The Marvelous Misadventures of Ingrid Winter (The Ingrid Winter Misadventure Series)
Page 12
Ivan groaned and ran his hand through his hair, looking like he wanted to punch someone. Luckily he lit up considerably when Ingvill stepped out of the elevator a few minutes later.
“Good morning, my lovely,” he said and kissed her hand.
She giggled and looked at me, as if she were expecting a similar greeting from me. But I was speechless. Her hair was braided like Pippi Longstocking and accompanied by a wide-necked, floral blouse and pants that were a mishmash of zippers and pockets and what looked like parachute cords. On her feet she wore high-heeled ankle boots, which made her twice my height.
Pippi Longstocking meets Bride of Frankenstein, I thought, noting that the baguette and cheese had settled like rocks in my stomach.
“Do we have time for breakfast?” asked Peter, who was dressed for a manorial pheasant hunt. “I have low blood sugar.”
“No,” Ivan said tersely.
“Maybe we could stop somewhere on the way,” I suggested helpfully, “and buy a little food that Peter and Ingvill can eat in the car?”
“No,” said Ivan. “No food in the car.”
“But . . .”
“Didn’t you hear what he said?” hissed Ingvill, leaning over me from her great height. “No food in the car!”

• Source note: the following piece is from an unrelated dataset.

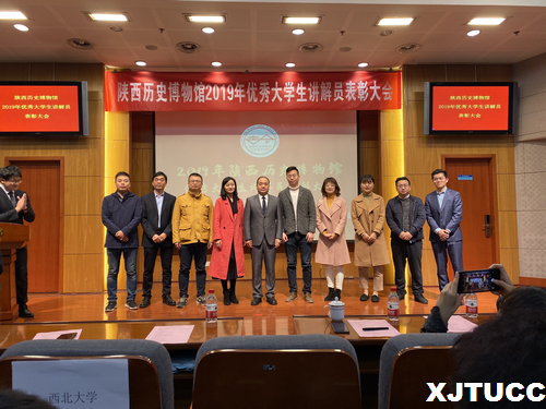 11月16日上午,2019年陕西历史博物馆优秀大学生讲解员表彰大会在陕西历史博物馆多功能厅举行,我院团委茹静老师与14所高校的老师代表及130余名大学生讲解员参加了此次表彰大会。我院讲解队荣获2019年度讲解工作最佳团队奖(唯一一所),陈新月、张明钥等11名同学荣获优秀大学生讲解员,刘聪颖同学荣获讲解标兵,秦航同学荣获突出贡献奖(全馆共2名)。

“The breakfast wasn’t that good,” I said to comfort a pale Peter as we climbed into the backseat five minutes later.
“Maybe they have a vending machine at the university,” he muttered.
They did, but when Peter tried to insert coins into the machine, Ivan took him by the arm and led him firmly onward.
“The dean is waiting,” he informed us.
Shortly thereafter we stood squashed into a kind of antechamber, where three secretaries were doing their respective best to stack papers, type on a manual typewriter, and open the window. In the midst of all this, Ivan was trying to make our presence known, something which ultimately resulted in two of the secretaries each starting to flip frantically through their appointment books while the third shook her head just as frantically.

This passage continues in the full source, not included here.